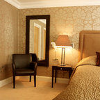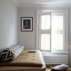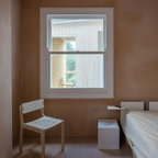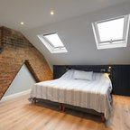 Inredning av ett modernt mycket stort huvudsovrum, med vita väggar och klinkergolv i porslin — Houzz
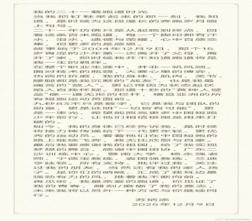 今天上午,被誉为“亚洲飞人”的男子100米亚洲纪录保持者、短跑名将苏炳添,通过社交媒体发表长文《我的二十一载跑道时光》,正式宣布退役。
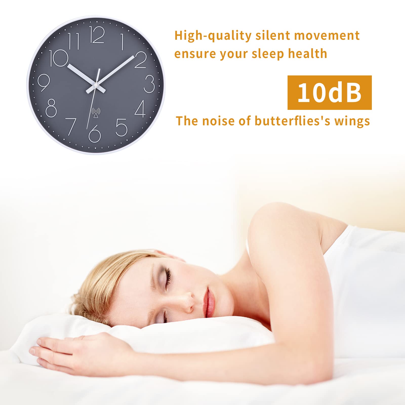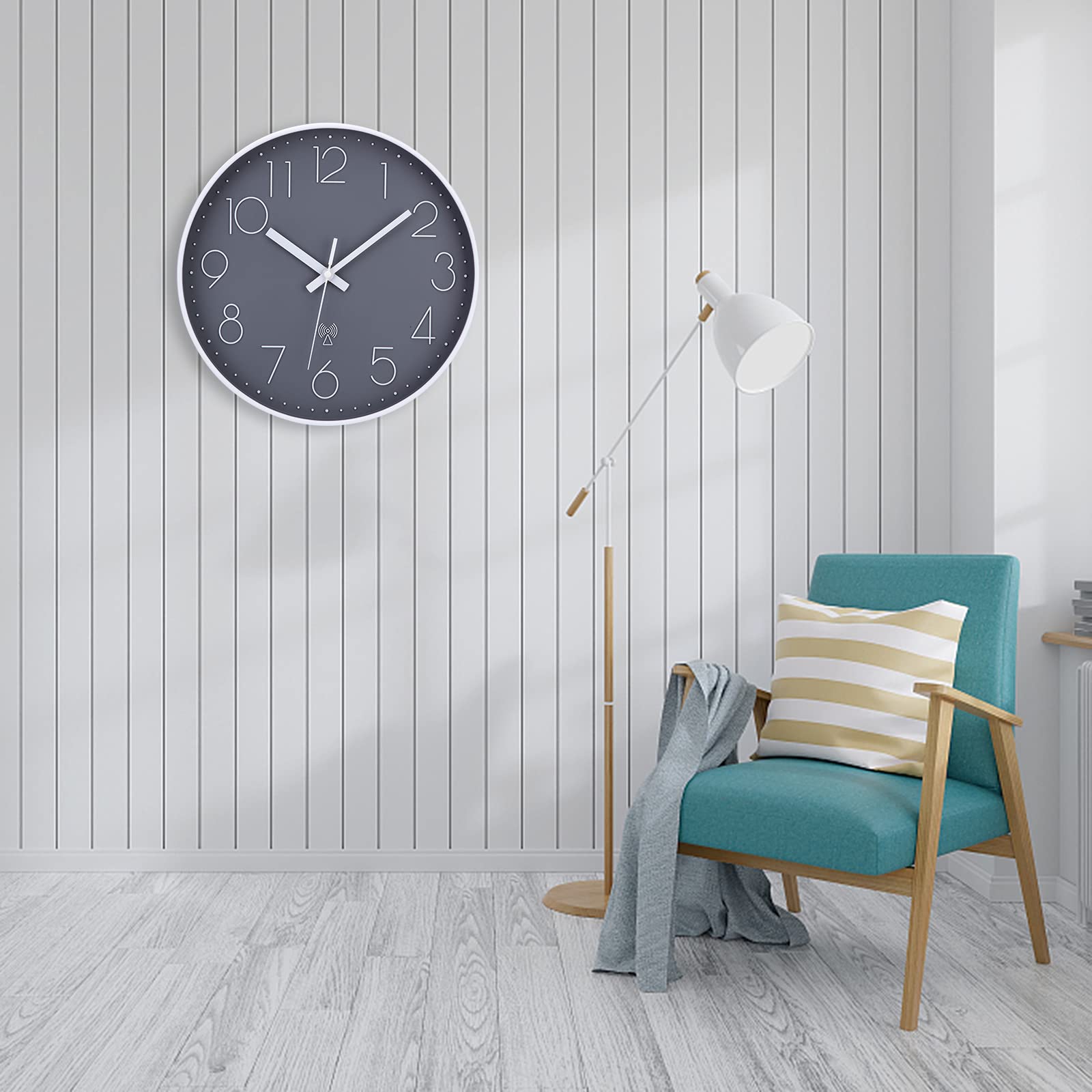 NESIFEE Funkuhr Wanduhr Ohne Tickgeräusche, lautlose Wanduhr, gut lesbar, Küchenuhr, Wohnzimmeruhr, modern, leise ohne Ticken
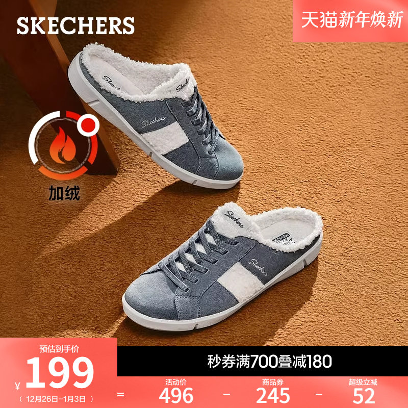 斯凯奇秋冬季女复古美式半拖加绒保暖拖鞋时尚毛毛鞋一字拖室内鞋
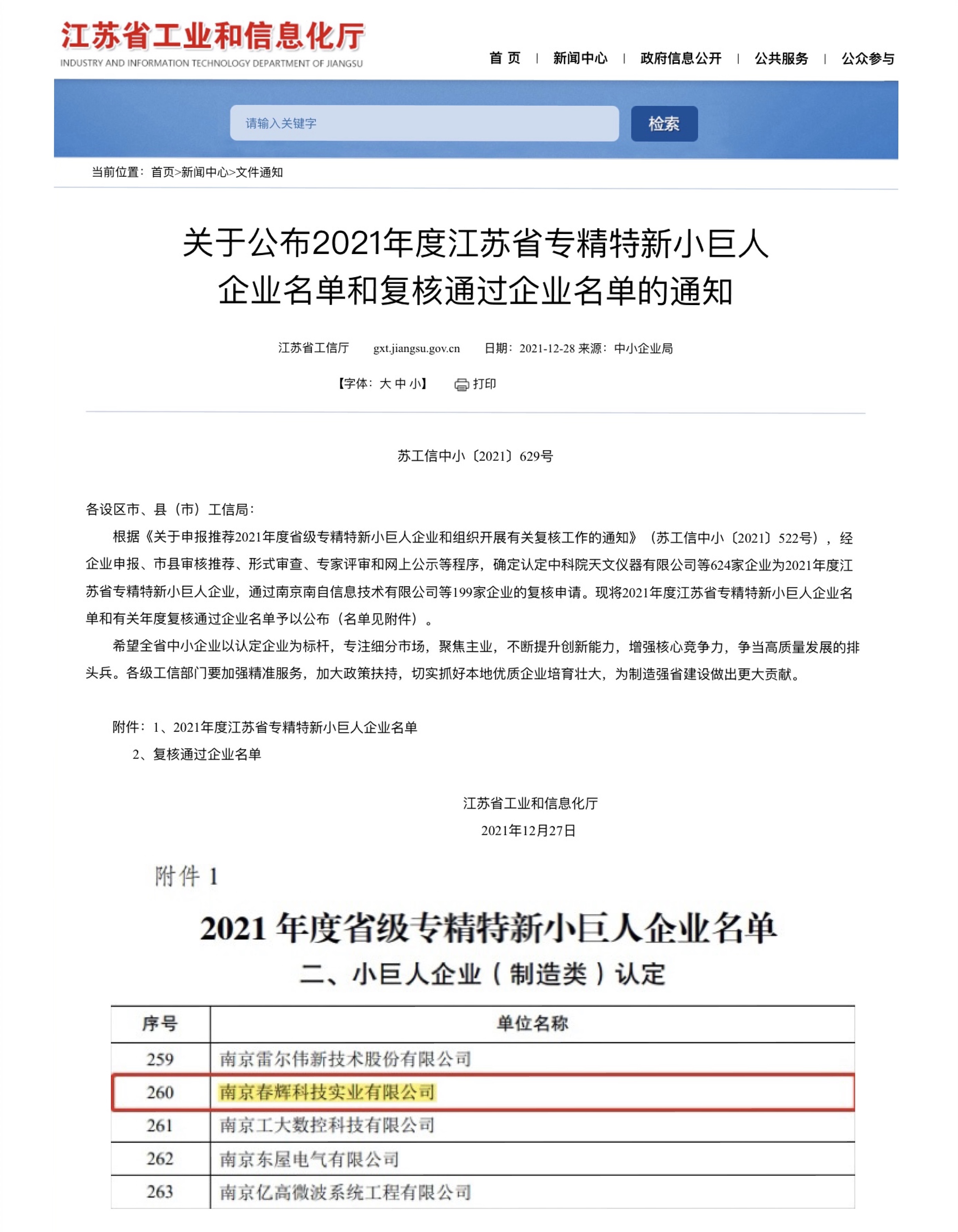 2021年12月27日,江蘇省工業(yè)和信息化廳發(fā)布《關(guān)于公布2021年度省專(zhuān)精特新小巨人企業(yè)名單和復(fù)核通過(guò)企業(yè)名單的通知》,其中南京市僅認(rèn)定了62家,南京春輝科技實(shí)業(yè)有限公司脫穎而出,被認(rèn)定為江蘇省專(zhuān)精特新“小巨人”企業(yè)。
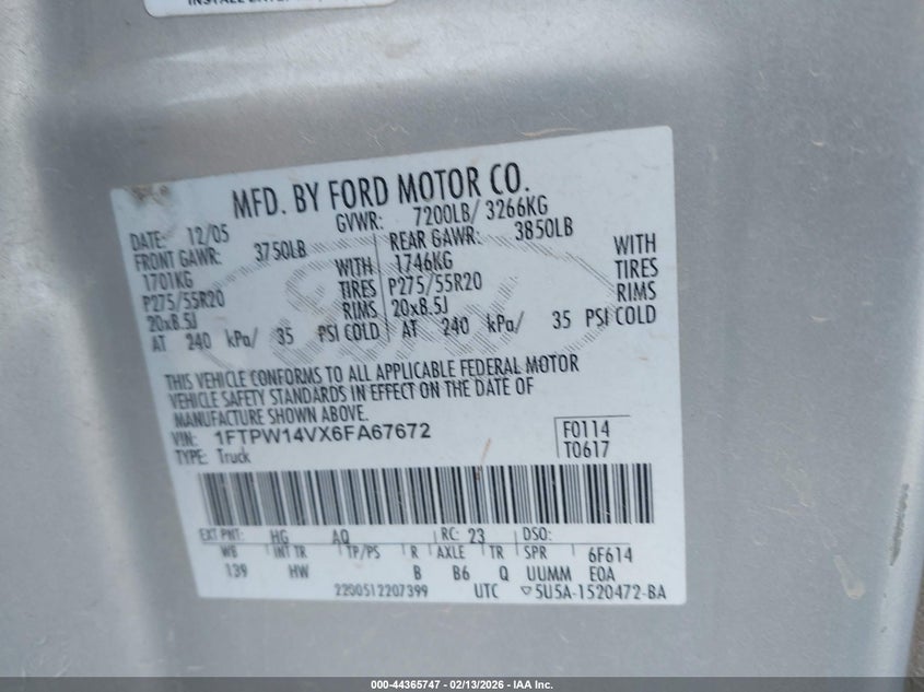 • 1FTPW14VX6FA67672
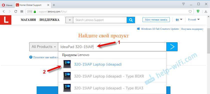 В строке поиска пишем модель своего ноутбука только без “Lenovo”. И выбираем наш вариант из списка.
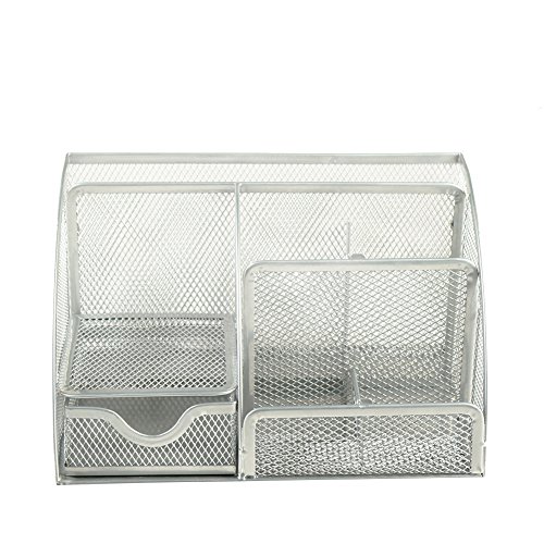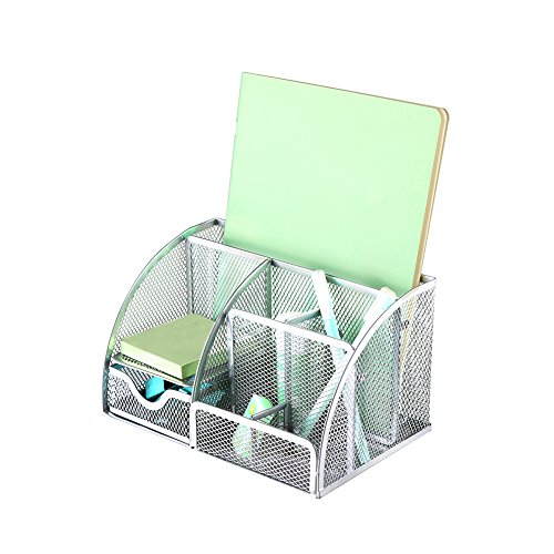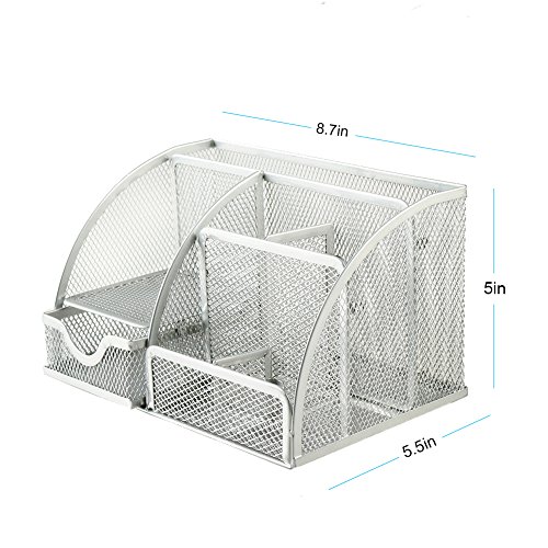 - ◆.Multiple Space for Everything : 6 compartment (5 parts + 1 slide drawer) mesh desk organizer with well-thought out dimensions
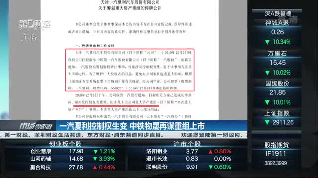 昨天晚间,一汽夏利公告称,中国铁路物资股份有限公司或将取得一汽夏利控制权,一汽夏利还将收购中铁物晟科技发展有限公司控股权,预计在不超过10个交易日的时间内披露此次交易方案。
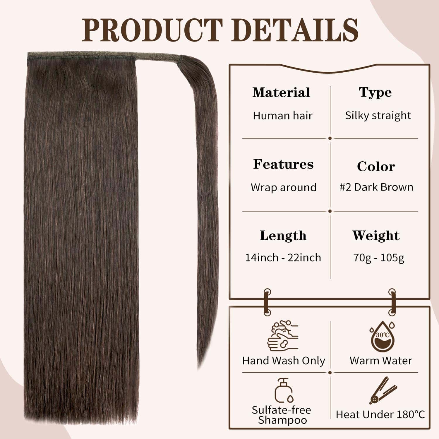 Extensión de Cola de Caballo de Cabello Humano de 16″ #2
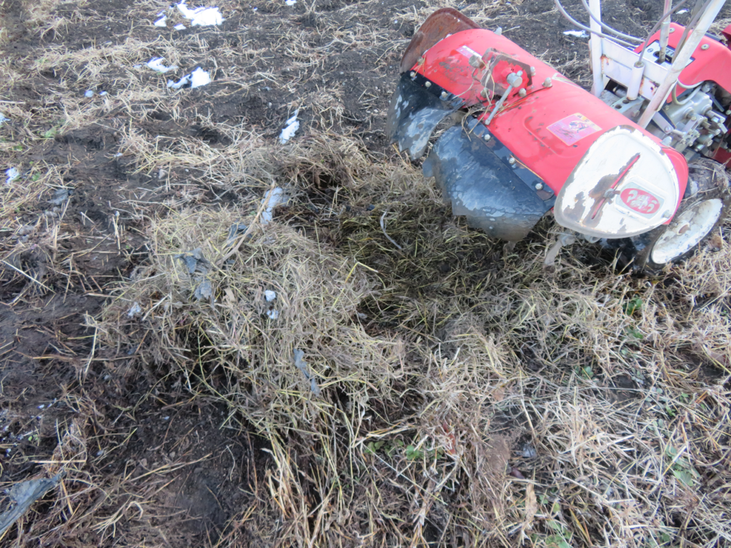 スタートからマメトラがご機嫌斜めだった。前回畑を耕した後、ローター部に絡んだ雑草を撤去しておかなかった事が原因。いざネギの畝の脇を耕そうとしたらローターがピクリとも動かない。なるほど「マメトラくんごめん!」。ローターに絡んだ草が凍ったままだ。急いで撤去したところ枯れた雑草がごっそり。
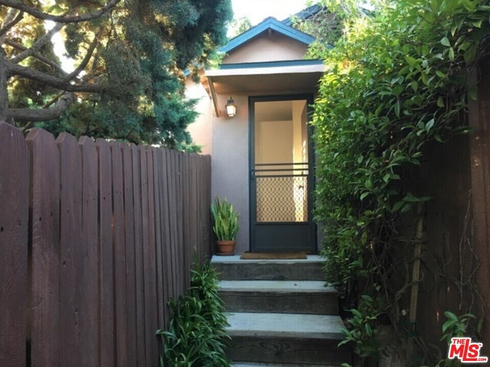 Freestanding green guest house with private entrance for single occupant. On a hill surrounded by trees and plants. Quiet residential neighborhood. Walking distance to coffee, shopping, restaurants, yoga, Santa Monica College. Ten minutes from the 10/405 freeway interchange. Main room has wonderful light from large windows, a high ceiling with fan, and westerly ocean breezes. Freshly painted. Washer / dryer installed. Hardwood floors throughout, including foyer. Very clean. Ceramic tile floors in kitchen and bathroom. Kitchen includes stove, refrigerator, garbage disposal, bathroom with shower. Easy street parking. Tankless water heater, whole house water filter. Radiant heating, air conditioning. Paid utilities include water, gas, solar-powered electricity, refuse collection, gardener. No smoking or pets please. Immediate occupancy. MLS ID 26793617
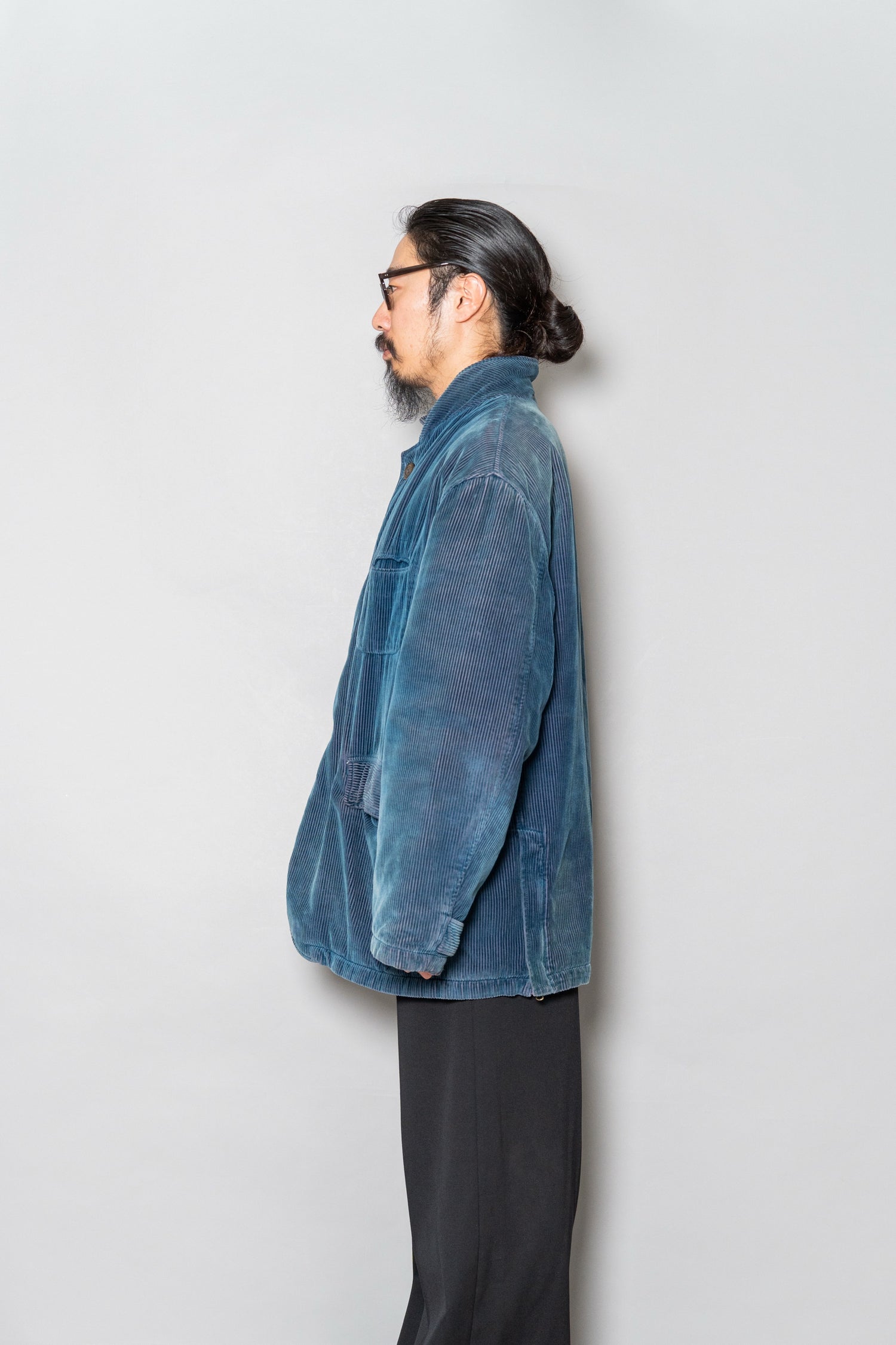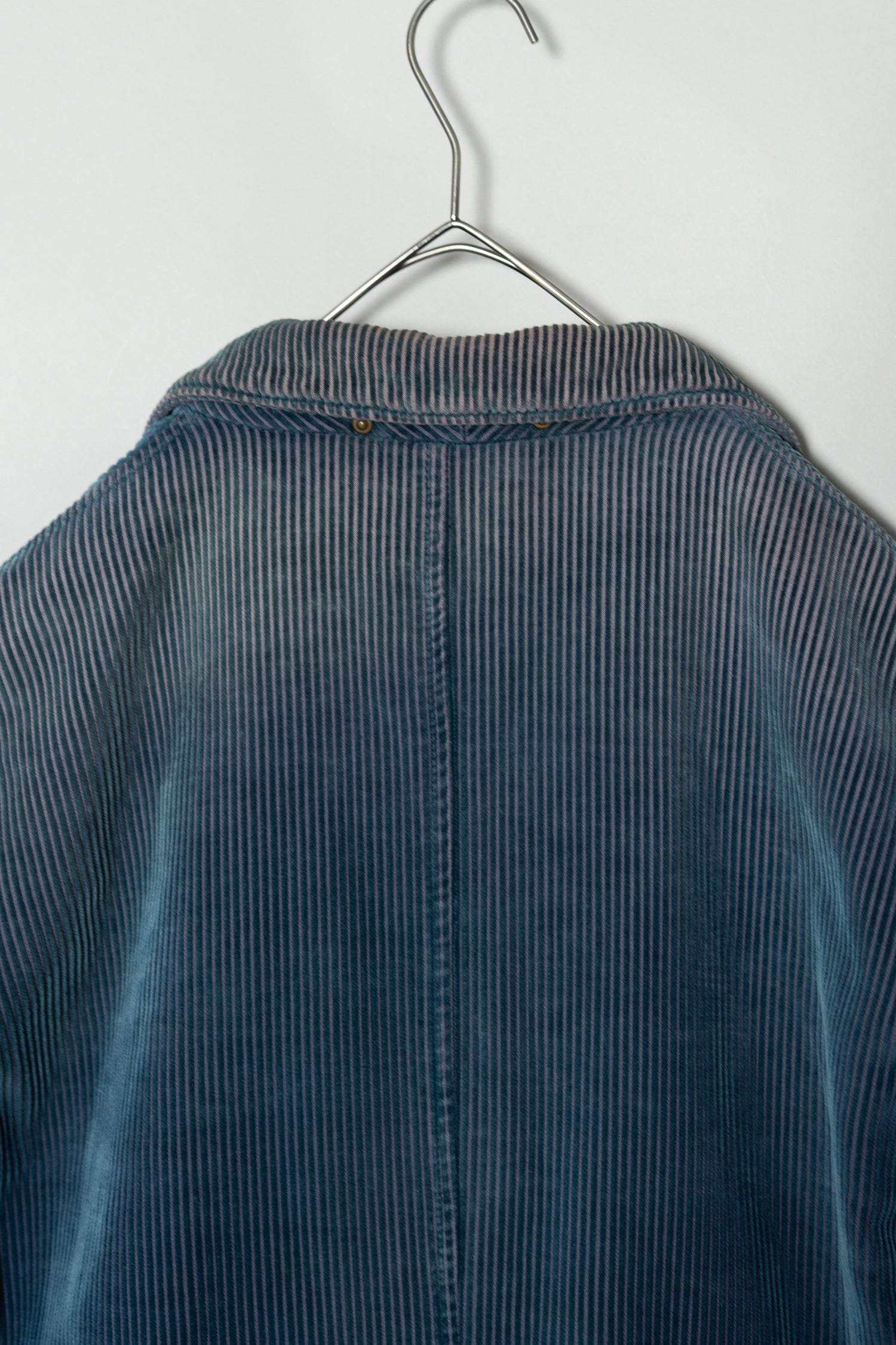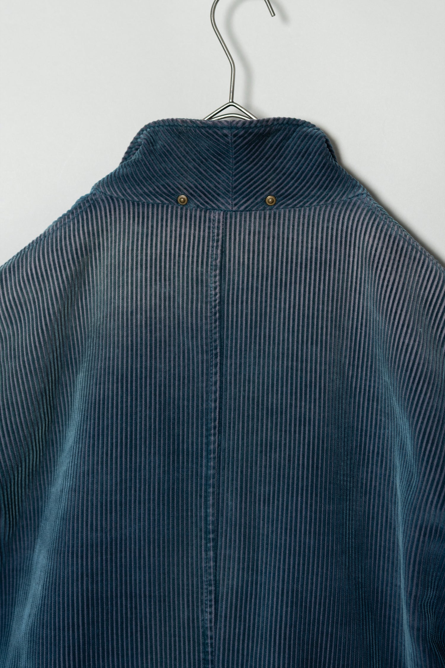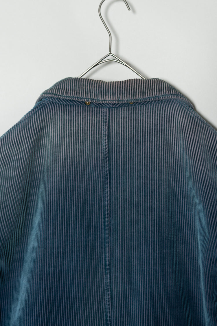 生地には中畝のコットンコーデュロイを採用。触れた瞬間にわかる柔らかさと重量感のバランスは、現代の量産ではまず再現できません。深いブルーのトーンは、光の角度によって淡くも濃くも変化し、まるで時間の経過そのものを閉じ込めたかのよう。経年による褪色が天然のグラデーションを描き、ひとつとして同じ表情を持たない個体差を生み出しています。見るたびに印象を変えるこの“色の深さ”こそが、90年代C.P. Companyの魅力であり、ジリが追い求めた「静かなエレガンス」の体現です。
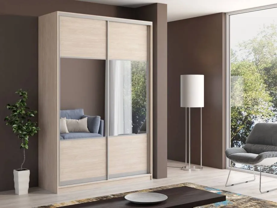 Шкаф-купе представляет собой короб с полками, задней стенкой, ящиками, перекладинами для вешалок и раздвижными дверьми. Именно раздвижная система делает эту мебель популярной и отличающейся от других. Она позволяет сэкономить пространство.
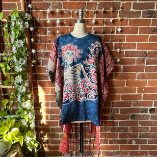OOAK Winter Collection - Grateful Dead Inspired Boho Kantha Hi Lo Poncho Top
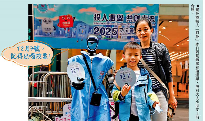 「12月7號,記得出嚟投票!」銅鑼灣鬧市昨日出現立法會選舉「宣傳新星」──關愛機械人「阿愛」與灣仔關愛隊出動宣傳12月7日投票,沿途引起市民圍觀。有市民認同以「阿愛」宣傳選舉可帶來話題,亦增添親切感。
====================
- **The problem**
Would you repeat the entries exactly, but with no pictures?

- **Task result**
 Inredning av ett modernt mycket stort huvudsovrum, med vita väggar och klinkergolv i porslin — Houzz
 今天上午,被誉为“亚洲飞人”的男子100米亚洲纪录保持者、短跑名将苏炳添,通过社交媒体发表长文《我的二十一载跑道时光》,正式宣布退役。
 NESIFEE Funkuhr Wanduhr Ohne Tickgeräusche, lautlose Wanduhr, gut lesbar, Küchenuhr, Wohnzimmeruhr, modern, leise ohne Ticken
 斯凯奇秋冬季女复古美式半拖加绒保暖拖鞋时尚毛毛鞋一字拖室内鞋
 2021年12月27日,江蘇省工業(yè)和信息化廳發(fā)布《關(guān)于公布2021年度省專(zhuān)精特新小巨人企業(yè)名單和復(fù)核通過(guò)企業(yè)名單的通知》,其中南京市僅認(rèn)定了62家,南京春輝科技實(shí)業(yè)有限公司脫穎而出,被認(rèn)定為江蘇省專(zhuān)精特新“小巨人”企業(yè)。
 • 1FTPW14VX6FA67672
 В строке поиска пишем модель своего ноутбука только без “Lenovo”. И выбираем наш вариант из списка.
 - ◆.Multiple Space for Everything : 6 compartment (5 parts + 1 slide drawer) mesh desk organizer with well-thought out dimensions
 昨天晚间,一汽夏利公告称,中国铁路物资股份有限公司或将取得一汽夏利控制权,一汽夏利还将收购中铁物晟科技发展有限公司控股权,预计在不超过10个交易日的时间内披露此次交易方案。
 Extensión de Cola de Caballo de Cabello Humano de 16″ #2
 スタートからマメトラがご機嫌斜めだった。前回畑を耕した後、ローター部に絡んだ雑草を撤去しておかなかった事が原因。いざネギの畝の脇を耕そうとしたらローターがピクリとも動かない。なるほど「マメトラくんごめん!」。ローターに絡んだ草が凍ったままだ。急いで撤去したところ枯れた雑草がごっそり。
 Freestanding green guest house with private entrance for single occupant. On a hill surrounded by trees and plants. Quiet residential neighborhood. Walking distance to coffee, shopping, restaurants, yoga, Santa Monica College. Ten minutes from the 10/405 freeway interchange. Main room has wonderful light from large windows, a high ceiling with fan, and westerly ocean breezes. Freshly painted. Washer / dryer installed. Hardwood floors throughout, including foyer. Very clean. Ceramic tile floors in kitchen and bathroom. Kitchen includes stove, refrigerator, garbage disposal, bathroom with shower. Easy street parking. Tankless water heater, whole house water filter. Radiant heating, air conditioning. Paid utilities include water, gas, solar-powered electricity, refuse collection, gardener. No smoking or pets please. Immediate occupancy. MLS ID 26793617
 生地には中畝のコットンコーデュロイを採用。触れた瞬間にわかる柔らかさと重量感のバランスは、現代の量産ではまず再現できません。深いブルーのトーンは、光の角度によって淡くも濃くも変化し、まるで時間の経過そのものを閉じ込めたかのよう。経年による褪色が天然のグラデーションを描き、ひとつとして同じ表情を持たない個体差を生み出しています。見るたびに印象を変えるこの“色の深さ”こそが、90年代C.P. Companyの魅力であり、ジリが追い求めた「静かなエレガンス」の体現です。
 Шкаф-купе представляет собой короб с полками, задней стенкой, ящиками, перекладинами для вешалок и раздвижными дверьми. Именно раздвижная система делает эту мебель популярной и отличающейся от других. Она позволяет сэкономить пространство.
OOAK Winter Collection - Grateful Dead Inspired Boho Kantha Hi Lo Poncho Top
 「12月7號,記得出嚟投票!」銅鑼灣鬧市昨日出現立法會選舉「宣傳新星」──關愛機械人「阿愛」與灣仔關愛隊出動宣傳12月7日投票,沿途引起市民圍觀。有市民認同以「阿愛」宣傳選舉可帶來話題,亦增添親切感。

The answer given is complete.